What you will do
Transcribe the records below word for word, beginning with the first line and stopping after the line that contains "(2) المقصود إلقاء"; pictures are not part of the copy.

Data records
—————

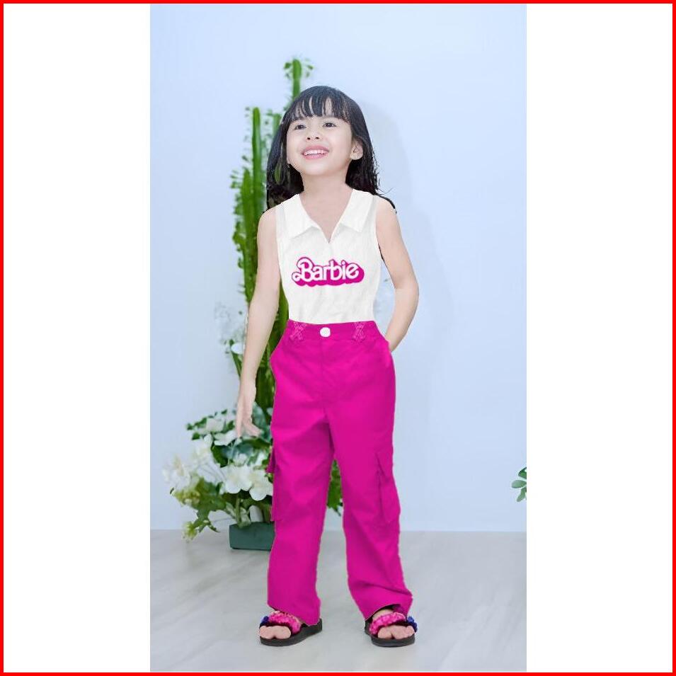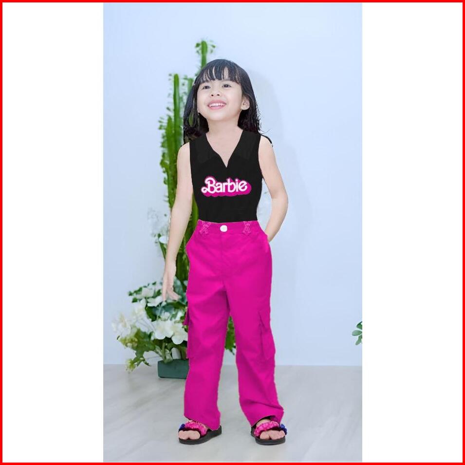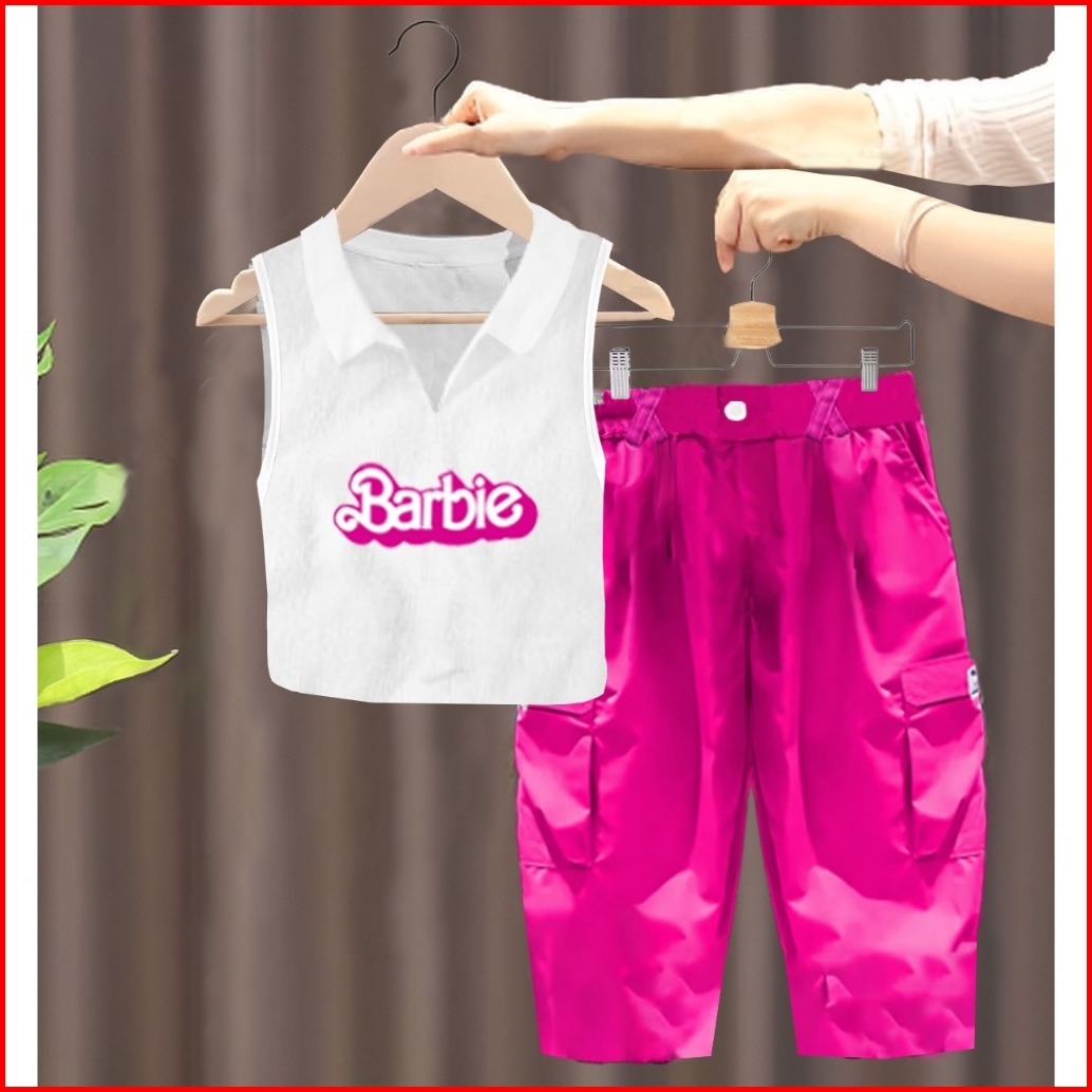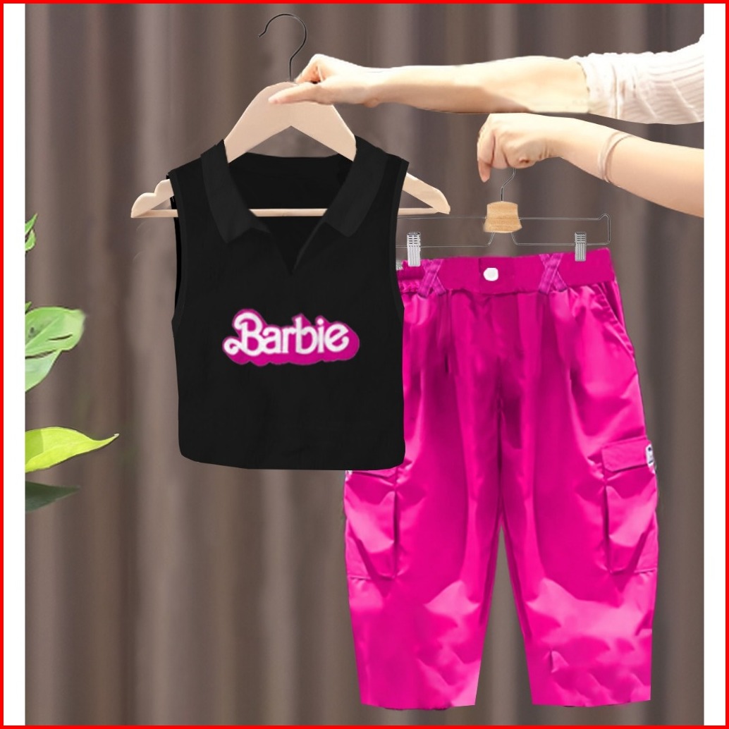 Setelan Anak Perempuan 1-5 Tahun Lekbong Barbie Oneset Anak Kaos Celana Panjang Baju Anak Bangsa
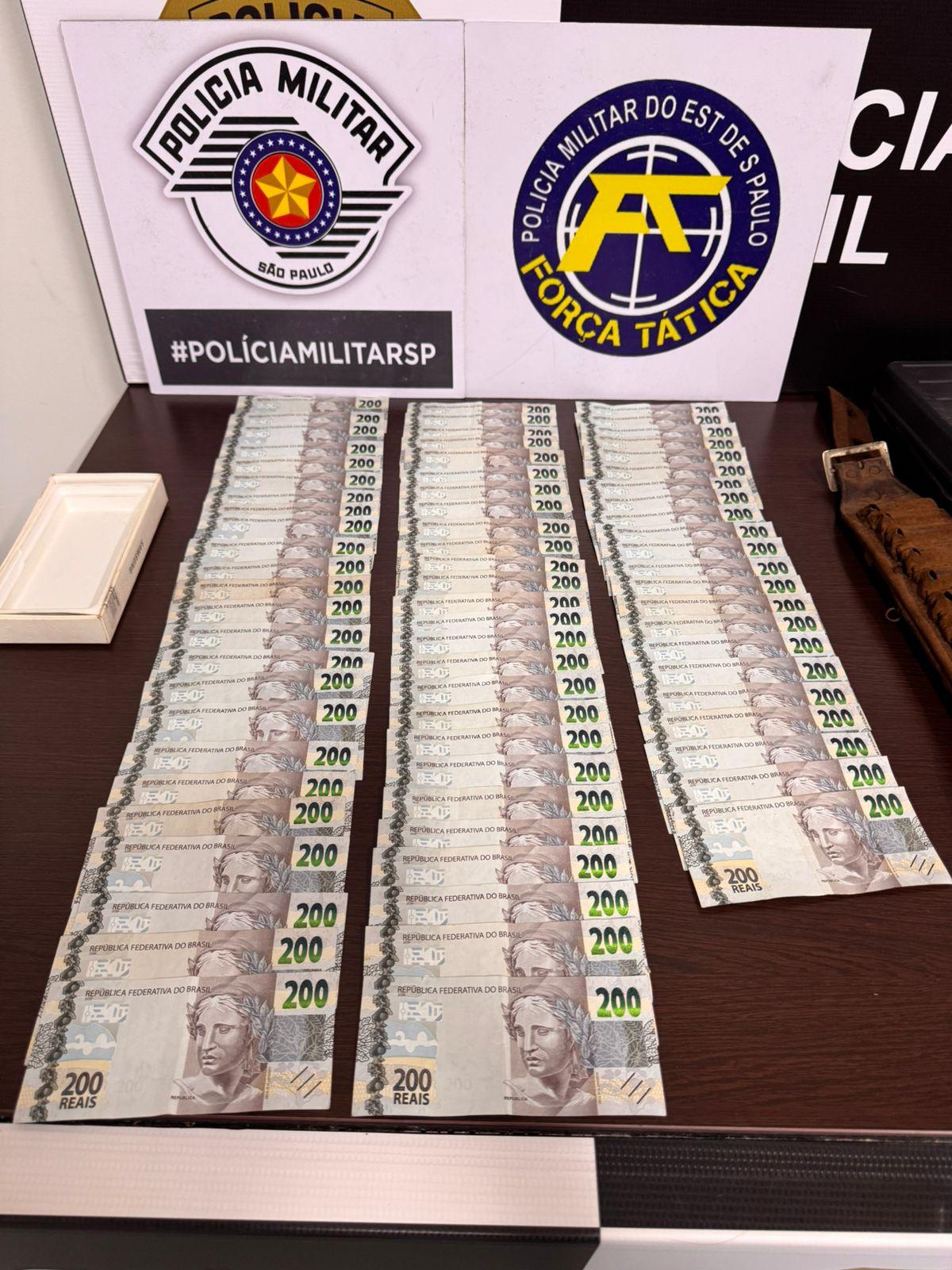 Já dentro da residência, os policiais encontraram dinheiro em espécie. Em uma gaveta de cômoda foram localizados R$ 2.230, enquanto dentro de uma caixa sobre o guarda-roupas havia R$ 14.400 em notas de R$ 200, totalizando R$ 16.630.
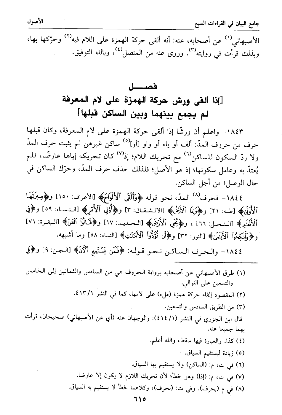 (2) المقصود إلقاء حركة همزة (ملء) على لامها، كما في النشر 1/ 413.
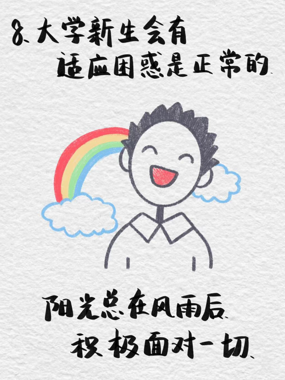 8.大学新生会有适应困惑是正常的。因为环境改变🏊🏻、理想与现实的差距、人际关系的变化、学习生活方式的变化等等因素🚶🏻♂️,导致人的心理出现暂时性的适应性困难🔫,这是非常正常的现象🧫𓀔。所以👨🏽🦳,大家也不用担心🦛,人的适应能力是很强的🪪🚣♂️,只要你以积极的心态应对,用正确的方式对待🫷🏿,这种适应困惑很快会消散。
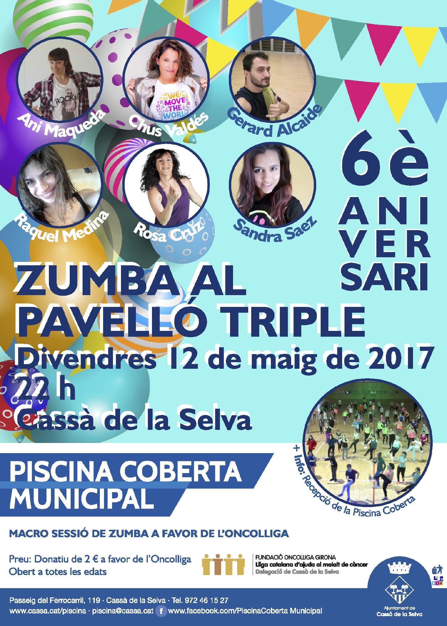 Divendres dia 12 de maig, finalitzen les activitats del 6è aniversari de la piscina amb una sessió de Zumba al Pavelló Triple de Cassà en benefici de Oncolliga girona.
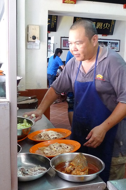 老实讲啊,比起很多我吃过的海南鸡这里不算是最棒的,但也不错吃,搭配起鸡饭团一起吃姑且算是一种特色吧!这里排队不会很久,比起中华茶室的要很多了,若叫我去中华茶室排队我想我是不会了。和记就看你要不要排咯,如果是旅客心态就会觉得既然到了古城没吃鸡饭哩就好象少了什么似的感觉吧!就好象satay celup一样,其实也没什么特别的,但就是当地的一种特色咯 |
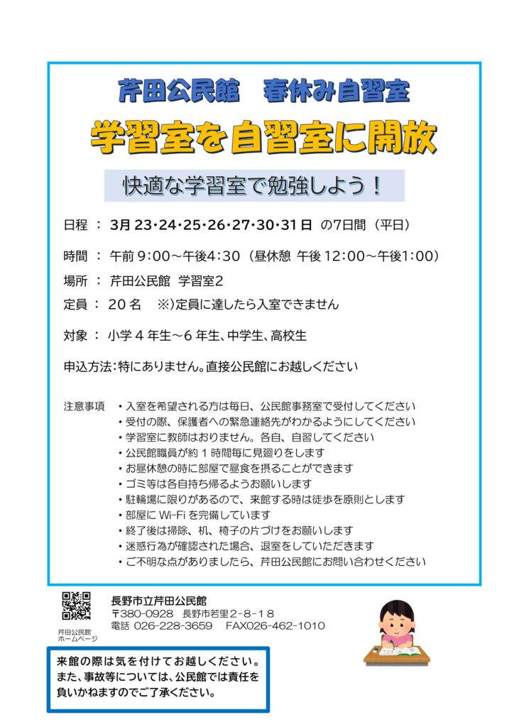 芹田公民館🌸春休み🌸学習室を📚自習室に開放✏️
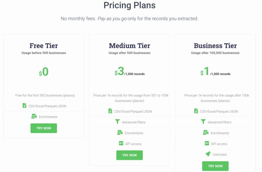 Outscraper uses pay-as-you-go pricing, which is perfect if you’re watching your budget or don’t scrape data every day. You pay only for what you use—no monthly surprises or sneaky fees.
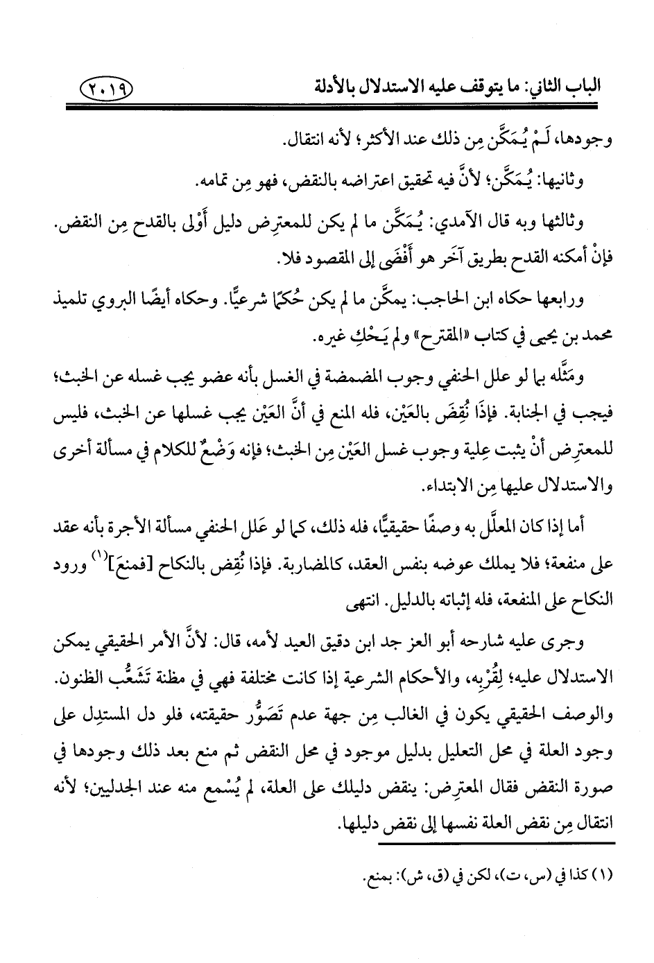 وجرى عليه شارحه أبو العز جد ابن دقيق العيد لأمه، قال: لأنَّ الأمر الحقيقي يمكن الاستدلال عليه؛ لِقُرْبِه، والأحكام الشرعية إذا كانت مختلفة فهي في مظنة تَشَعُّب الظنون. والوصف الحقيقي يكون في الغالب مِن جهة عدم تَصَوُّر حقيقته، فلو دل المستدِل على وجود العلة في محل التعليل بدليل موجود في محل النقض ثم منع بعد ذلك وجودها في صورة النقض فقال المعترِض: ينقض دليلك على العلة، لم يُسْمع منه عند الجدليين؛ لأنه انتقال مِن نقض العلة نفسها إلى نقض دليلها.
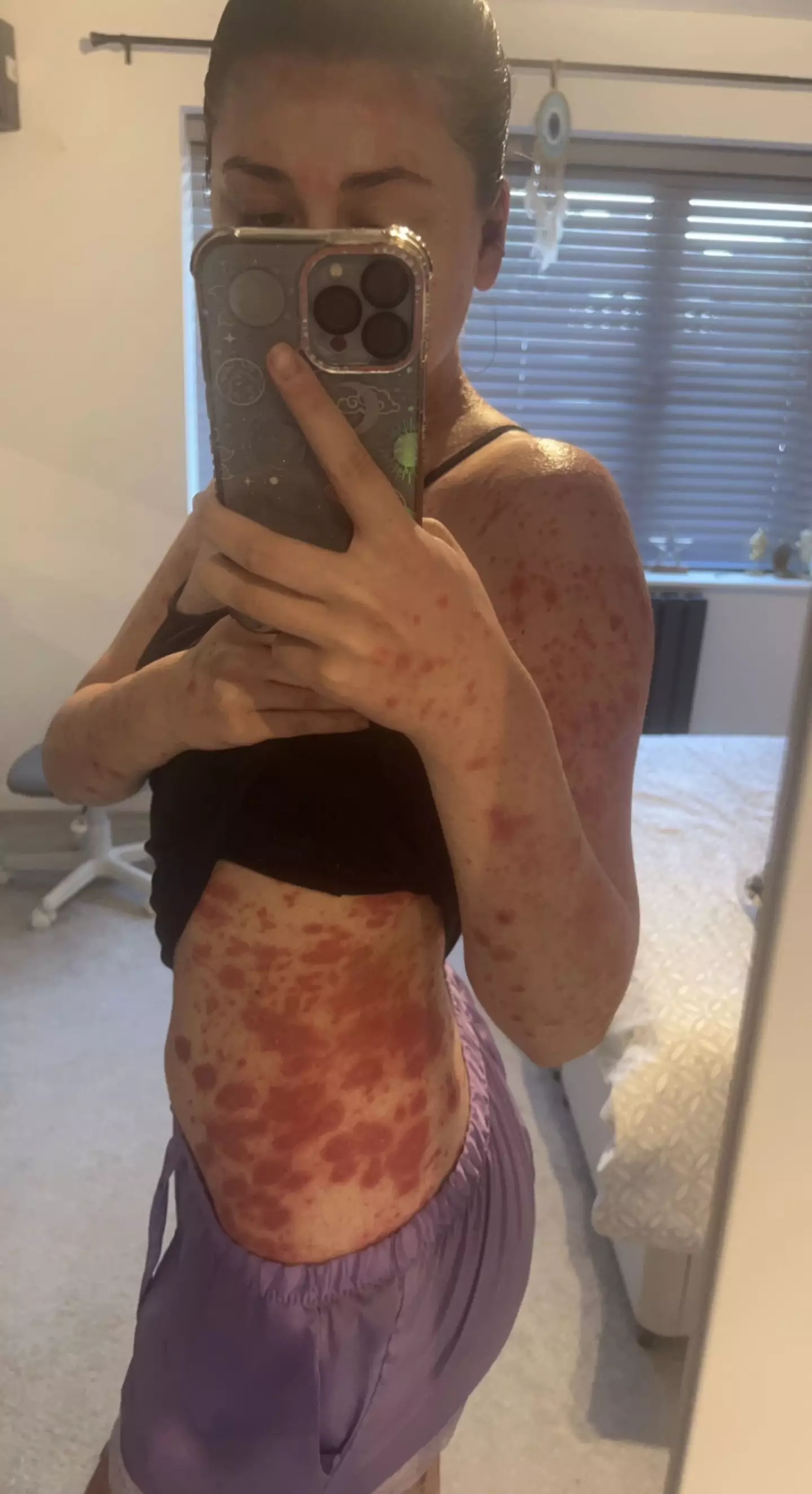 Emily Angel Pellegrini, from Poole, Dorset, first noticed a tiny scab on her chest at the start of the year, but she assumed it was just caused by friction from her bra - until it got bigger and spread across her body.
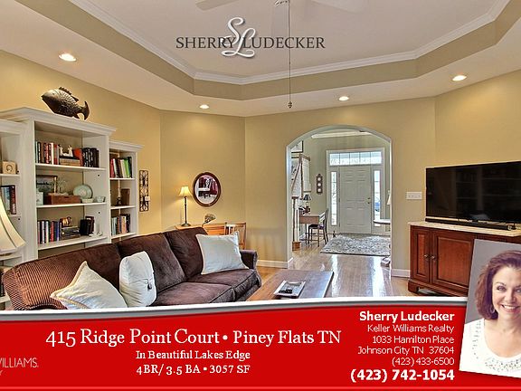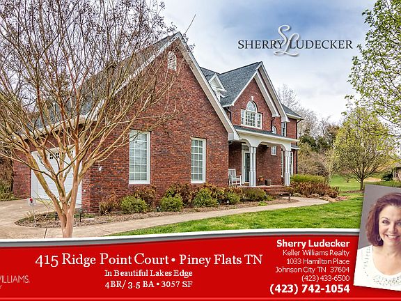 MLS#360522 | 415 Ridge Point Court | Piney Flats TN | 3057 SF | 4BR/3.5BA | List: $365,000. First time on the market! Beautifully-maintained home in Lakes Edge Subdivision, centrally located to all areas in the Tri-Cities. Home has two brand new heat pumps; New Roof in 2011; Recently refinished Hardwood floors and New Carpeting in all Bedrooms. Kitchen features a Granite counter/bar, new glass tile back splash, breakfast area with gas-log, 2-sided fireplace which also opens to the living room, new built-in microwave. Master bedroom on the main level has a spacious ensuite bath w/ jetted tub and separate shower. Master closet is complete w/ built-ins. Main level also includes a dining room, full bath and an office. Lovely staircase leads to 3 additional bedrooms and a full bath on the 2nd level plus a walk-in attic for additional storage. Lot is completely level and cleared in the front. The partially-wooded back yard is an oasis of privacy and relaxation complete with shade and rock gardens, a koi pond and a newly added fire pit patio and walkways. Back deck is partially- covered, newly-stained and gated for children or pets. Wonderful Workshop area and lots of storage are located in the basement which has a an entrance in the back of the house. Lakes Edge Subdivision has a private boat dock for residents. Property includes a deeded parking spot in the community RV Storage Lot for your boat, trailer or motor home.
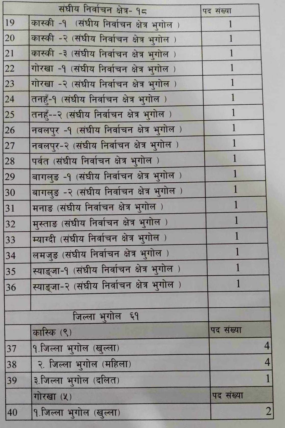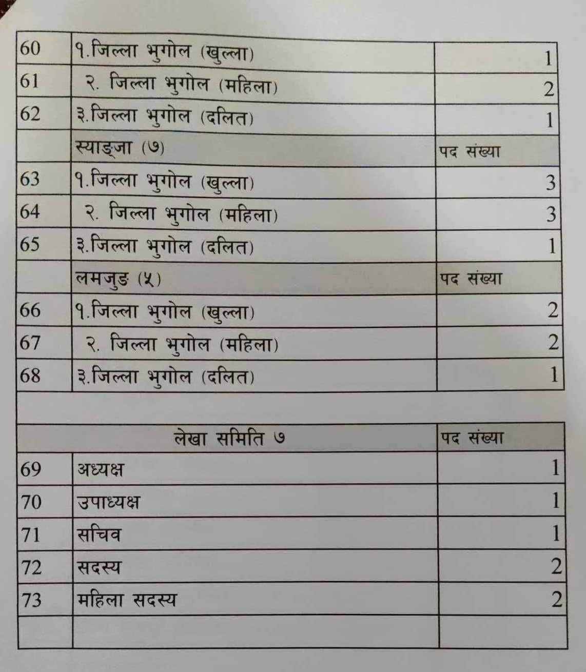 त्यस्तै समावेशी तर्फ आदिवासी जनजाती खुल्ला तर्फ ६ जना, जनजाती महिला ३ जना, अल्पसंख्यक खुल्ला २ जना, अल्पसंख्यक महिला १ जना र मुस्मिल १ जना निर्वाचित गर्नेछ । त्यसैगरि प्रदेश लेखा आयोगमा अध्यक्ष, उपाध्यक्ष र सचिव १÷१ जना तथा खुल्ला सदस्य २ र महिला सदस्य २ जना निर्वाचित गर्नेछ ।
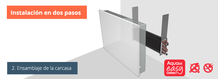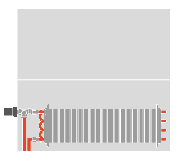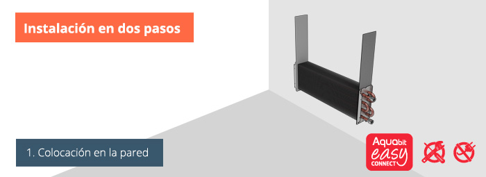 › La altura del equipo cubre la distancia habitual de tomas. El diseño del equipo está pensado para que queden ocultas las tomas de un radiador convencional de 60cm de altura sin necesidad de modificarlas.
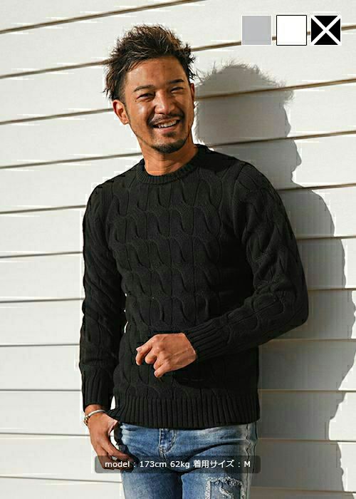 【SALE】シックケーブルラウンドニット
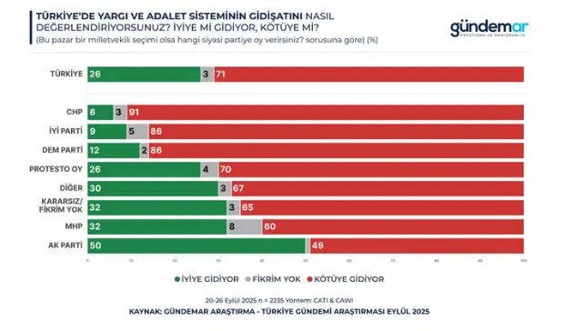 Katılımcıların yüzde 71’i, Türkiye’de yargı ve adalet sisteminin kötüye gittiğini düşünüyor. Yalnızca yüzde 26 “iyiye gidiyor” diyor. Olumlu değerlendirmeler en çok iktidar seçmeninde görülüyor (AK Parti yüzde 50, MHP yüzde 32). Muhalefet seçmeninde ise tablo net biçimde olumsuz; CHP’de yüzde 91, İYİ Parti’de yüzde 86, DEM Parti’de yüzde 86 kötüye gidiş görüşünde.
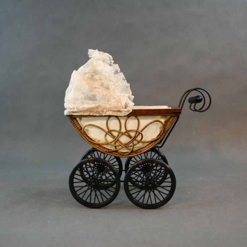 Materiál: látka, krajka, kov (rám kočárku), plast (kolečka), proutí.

—————

Result of this task
 Setelan Anak Perempuan 1-5 Tahun Lekbong Barbie Oneset Anak Kaos Celana Panjang Baju Anak Bangsa
 Já dentro da residência, os policiais encontraram dinheiro em espécie. Em uma gaveta de cômoda foram localizados R$ 2.230, enquanto dentro de uma caixa sobre o guarda-roupas havia R$ 14.400 em notas de R$ 200, totalizando R$ 16.630.
 (2) المقصود إلقاء حركة همزة (ملء) على لامها، كما في النشر 1/ 413.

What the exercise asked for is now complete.